[Task directions] Extract verbatim every line from the one containing "1957 Topps #167 Vic Power 1.5 - FAIR" to the final line of the records below, inclusive, and exclude all pictures.

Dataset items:
- - - - - - -

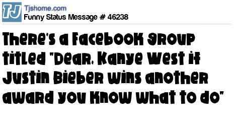 X There's a Facebook group titled "Dear, Kanye West if Justin Bieber wins another award you know what to do"
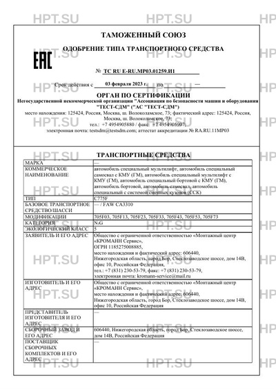 | Номер документа | ТС RU Е-RU.МР03.01259.И1 |
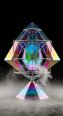 A closeup of a transparent pyramid on the Yin and yang symbol on the table with rocks on it
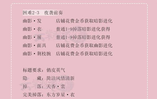 云裳羽衣第二章困难完美通关攻略是小编今天为大家带来的云裳羽衣相关攻略分享,更多云裳羽衣最新资讯就在本站,二本篇文章小编将给大家带来的是云裳羽衣第二章困难完美通关攻略,下面就和小编一起来看看吧!困难2-3夜袭前奏搭配指南:幽影发店铺花费金币获取暗影进化幽影衣普通
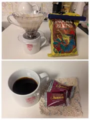 今朝は母の病院からの帰り、お買い物をしたりバタバタ 帰ったら御年賀の芋きんつばで一服 珈琲はタ🐻ーズのエチオピアモカ、シングルサーブです。 昨年から、ちょっと好きになったモカ 15gの珈琲を、湯量240㏄で3分待つ。 何かしてると3分なんて、あっという間だけど、珈琲の出来上がりを待つ3分は長く感じ
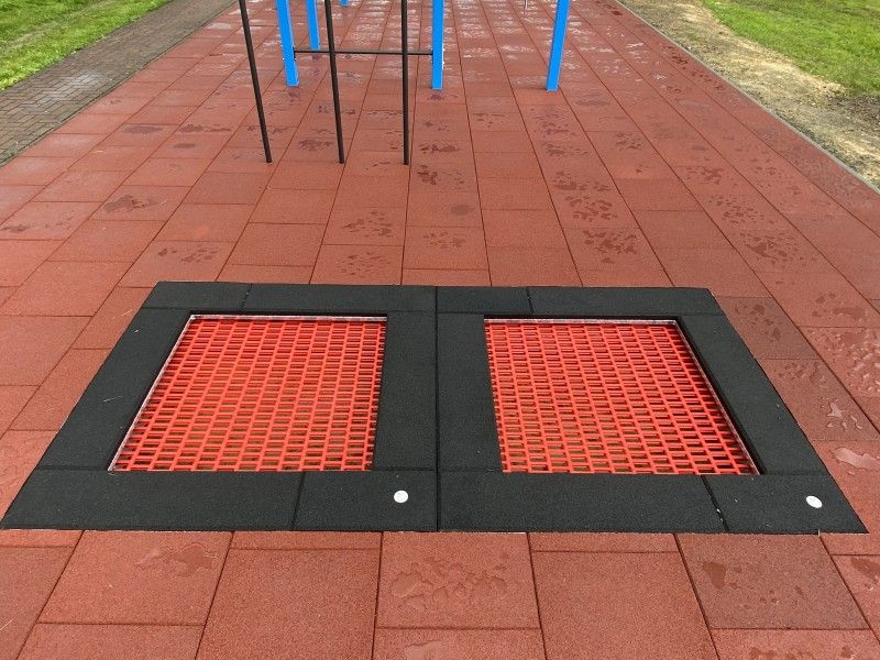 Studsmatta PAKO 125 för intensiv offentlig lek med säker studs, hållbar konstruktion och hög användarkomfort över tid.
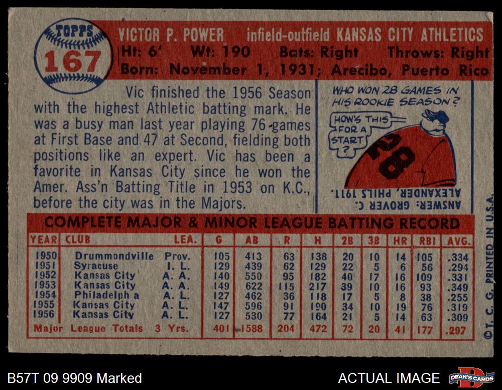 1957 Topps #167 Vic Power 1.5 - FAIR
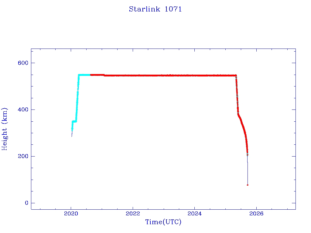 | Starlink 1071 | S44934 | R | 2020 Jan 7 | 2025 May 29? | 2025 Sep 16 |  |  |  |

- - - - - - -

[Your response]
 1957 Topps #167 Vic Power 1.5 - FAIR
 | Starlink 1071 | S44934 | R | 2020 Jan 7 | 2025 May 29? | 2025 Sep 16 |  |  |  |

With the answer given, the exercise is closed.